賃金規程の変更により、非正社員の時給が20~30円アップ。非正社員のフォークリフト資格取得と正社員へ登用した結果、賃金総額1割アップ(キャリアアップ助成金の活用)。これらの効果によって事務職中心の非正社員が仕事の幅を広げ、特定の正社員の長時間労働が改善され、業務量の偏りが解消しつつある。

事例提供元:「和歌山県働き方改革推進支援センター」。

6)定年後再雇用の賃金規程の見直し

従業員は12名(うち、非正規0名)、業種は製造業で支援前の状況が<定年後の再雇用を希望する者は稀であり、再雇用後の賃金は職務内容が変わらない場合でも原則として一律に減額される規程となっていた。同一労働同一賃金の趣旨に沿った賃金規程に変更したい>という事例。
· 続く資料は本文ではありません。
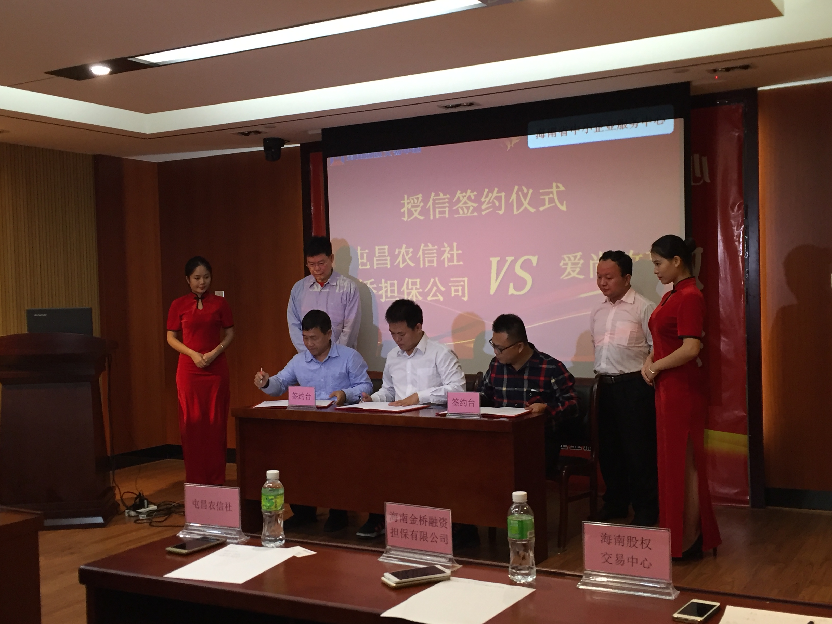 現(xiàn)場(chǎng),屯昌縣農(nóng)村信用合作聯(lián)社、海南金橋融資擔(dān)保有限公司分別與股交中心掛牌企業(yè)海南愛(ài)尚玫瑰實(shí)業(yè)有限公司、海南臺(tái)莉早餐服務(wù)有限公司簽訂授信協(xié)議,就開(kāi)展合作達(dá)成初步意向。隨后,海南臺(tái)莉早餐服務(wù)有限公司許正章作為簽約企業(yè)代表進(jìn)行了發(fā)言。

【専門家(社会保険労務士)によるアドバイス(改善策)】

  1. 同一労働同一賃金の考え方を説明
  2. 職務内容等に応じて個別に待遇を決定する賃金規程を提案

【支援後の効果】

現行の定年後の賃金規程を廃止し、定年後も職務内容、勤続年数、勤務評価等を考慮、個別に待遇を決定する旨の賃金規程を整備。各賃金項目の趣旨に沿って適切な待遇の決定方法を採用したことで、再雇用後の労働者の賃金は基本給10%、賞与25%程度アップを見込めた。